Cost-efficiency, value for money, and focusing on core services were topics of discussion when Waimakariri District Council discussed next years Draft Annual Plan in October.
Mayor Dan Gordon opened the workshop saying the Council were in alignment with the direction from the Central Government to focus on good quality local infrastructure, core services, and rates restraint.
The Draft Annual Plan takes place in Year 2 of the recently adopted Long Term Plan (LTP) which had rates for the coming year increasing at a proposed 4.8%.
“I am committed to seeing us deliver what we said we would through the LTP and this workshop is an opportunity to discuss and further investigate ways we can get better value for money and deliver the services the community wants,” said Mayor Gordon.
Chief Executive Jeff Millward outlined the economic situation facing both the community and Council.
“As expected there are no significant changes since last year and staff have been instructed to review their programmes to see if we can get better value for money so services can be kept consistent,” said Millward.
“The community is still facing cost-of-living pressure – the consumer price index has been running high for the past year and mortgage rates, while dropping, remain high.
“The same cost pressures facing households are also affecting the Council and this is what is driving cost pressures on Council budgets for the coming year which will make it a challenge to stay near the 4.8% signalled.”
These pressures include:
- Asset values (roads, reserves, water plants etc) have increased which increases the costs of depreciation (money put aside for asset maintenance and replacement)
- A number of costs such as electricity and insurance costs have skyrocketed
- There has also been a drop in the Government share of roading infrastructure. Lower than anticipated NZ Transport Agency Funding left the Council with a $13.5m gap.
The Council also discussed their finances at a high level.
Revenue sits at approximately $150m per year, with debt around $200m. This is a 1.3: 1 debt to income ratio and well under the Government threshold for a growth council. This is also backed up by community-owned assets (roads, reserves, water plants etc) valued at approximately $200b.
For a household comparison, mortgage borrowing in New Zealand is capped at a 6:1 debt to income ratio (for owner occupiers), many of whom have their home as their major asset. This common debt ratio is 2.4 times higher than Council’s self-imposed limit and 4.5 times higher than Council’s debt currently.
Council's financials are also audited annually by Audit NZ and Credit rating agency Standard and Poor's has recently reconfirmed its AA long-term and A-1+ short-term credit rating with a stable outlook for the Council. For comparison, New Zealand retail banks ANZ and BNZ both have a Standard & Poor's Rating of AA-.
“The upcoming Annual Plan recognises expected changes to the Local Government Act which prioritises good quality local infrastructure and core services and well as legislation to bring in things such as revenue capping to noncore activities,” says Mayor Gordon.

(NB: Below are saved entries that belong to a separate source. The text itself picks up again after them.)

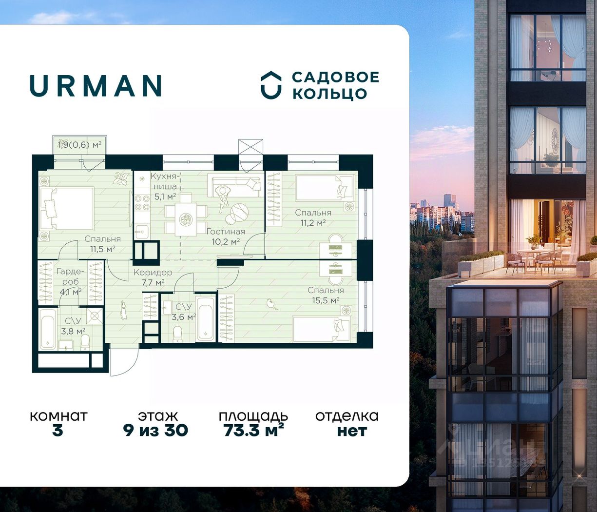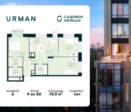 Продается квартира в ЖК Urman City с 3 спальнями на 9 этаже 30 этажного дома. Общая площадь: 73.3 кв.м. Высота потолков 2.95 м. Срок сдачи 1 квартал 2028 г. Мастер-спальня. Вид на лес. Эскроу-счет. Застройщик ГК "Садовое кольцо".
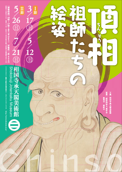 また、Ⅱ期には中峰明本(ちゅうぼうみんぽん)の中国元時代製作の頂相から近世相国寺で制作された頂相まで複数ならべて公開いたします。同じ禅僧の頂相でも絵師によって異なる細かな差異を比較していただけましたら幸いです。
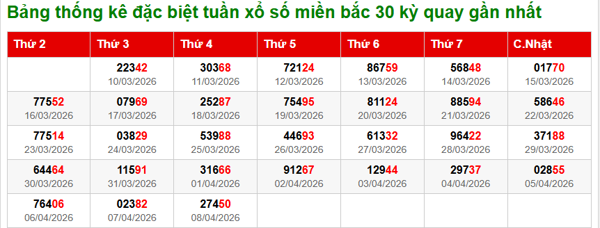 Thống kê giải đặc biệt XSMB 30 kỳ quay gần nhất
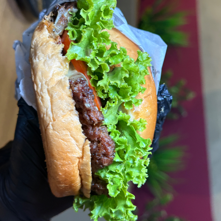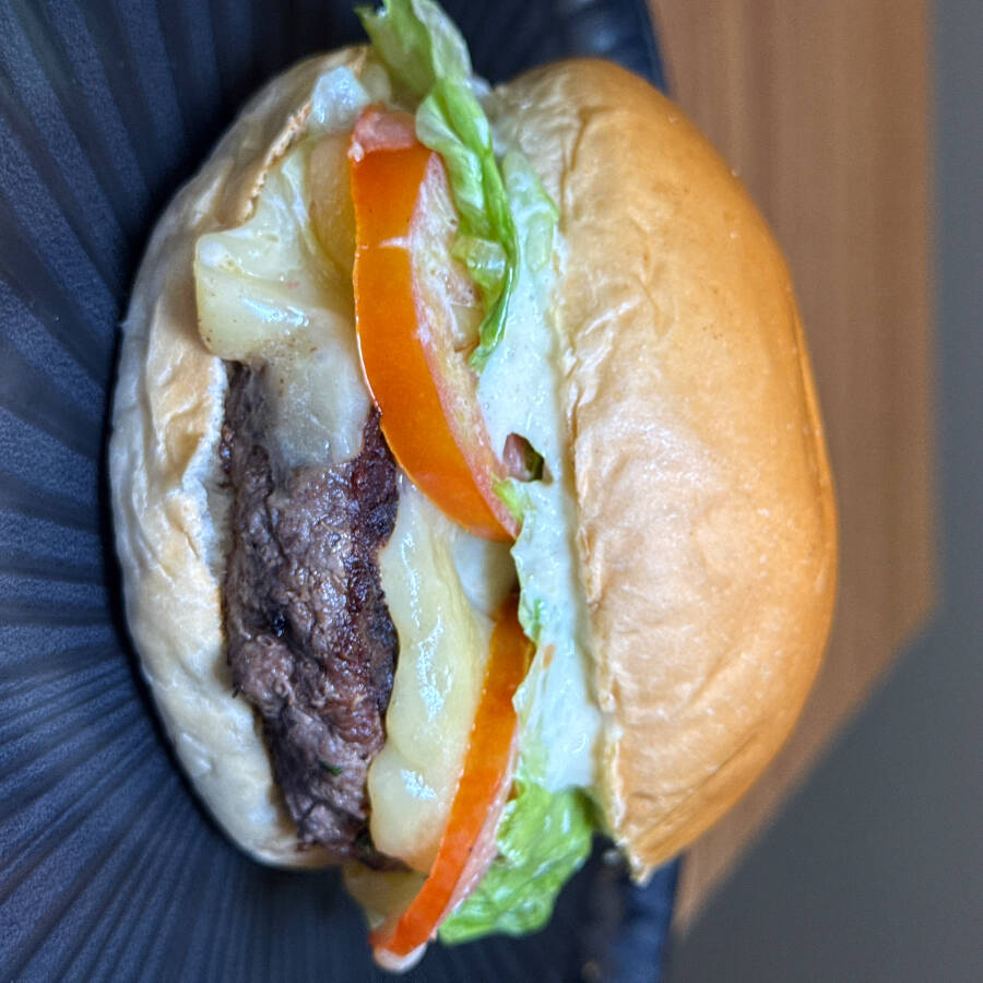 Pão brioche, smash 80g, queijo mussarela, alface, tomate e maionese verde.
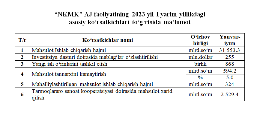 2023-yil I yarim yillikdagi asosiy ko‘rsatkichlar to‘g‘risida maʼlumot
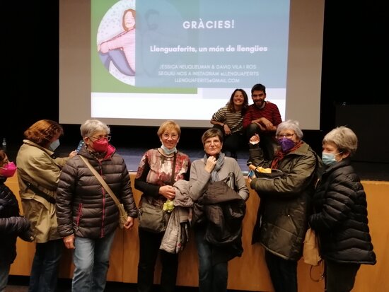 Un petit grup de voluntàries per la llengua van assistir a la conferència de Jessica Neuquelman i David Vila, organitzada per l'Aula d'Extensió Universitària per a la Gent Gran, a l'Auditori de Castellar del Vallès. Tots dos són apassionats de les llengües i les consideren un dels grans patrimonis de la humanitat. Amb Llenguaferits, a través de vídeos i de xerrades, expliquen de manera amena i entretinguda curiositats del català i d'altres llengües d'arreu del món amb l'objectiu de despertar la sensibilitat lingüística i, així, fomentar el respecte per totes les llengües i, en particular, pel català. L'activitat va ser tot un èxit.
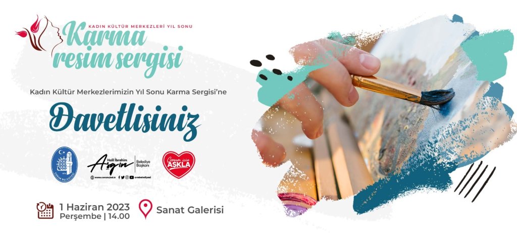Kadın Kültür Merkezimizin Yıl Sonu Karma Sergisine Tüm halkımız davetlidir.  Saat: 14:00  Yer:  Çorum Belediyesi Sanat Galerisi.
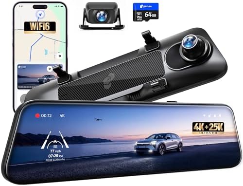Complete Package & Assured Support: Start recording immediately with the included 64GB memory card in S12 dash cam mirror. For 24/7 parking surveillance, easily enable the feature by installing the optional hardwire kit (sold separately). Backed by our dedicated technical support team, we ensure your dash cam delivers continuous, reliable performance
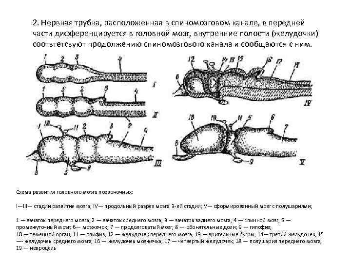 2. Нервная трубка, расположенная в спиномозговом канале, в передней части дифференцируется в головной мозг, внутренние полости (желудочки) соотвтетсвуют продолжению спиномозгового канала и сообщаются с ним. Схема развития головного мозга позвоночных: I—III— стадии развития мозга; IV— продольный разрез мозга 3 -ей стадии; V— сформированный мозг с полушариями; 1 — зачаток переднего мозга; 2 — зачаток среднего мозга; 3 — зачаток заднего мозга; 4 — спинной мозг; 5 — промежуточный мозг; 6— мозжечок; 7 — продолговатый мозг; 8 — обонятельные доли; 9 — гипофиз; 10 — теменной орган; 11 — эпифиз; 12 — желудочек переднего мозга; 13 — зрительные бугры; 14— третий желудочек; 15 —- желудочек среднего мозга; 16 — желудочек мозжечка; 17 — четвертый желудочек; 18 — полушария переднего мозга; 19 — невроцель

“Our Council is a financially prudent one and our finances show this. We’ve had the lowest rates increases in the Greater Christchurch area for many years now and shown restraint throughout Covid-19 and in the years since, and we’ve achieved this by considering the impact on the community first and foremost. We’ve also done this without compromising our position as a high-growth Council that’s attractive to move to, and our residents are happy with the services the Council offers.
“To stay near our signalled increase of 4.8% all items are open to be investigated.”
Budget meetings, where Councillors go line-by-line through each activity, take place in late January. The Draft Annual Plan will be open for public comment in March 2025.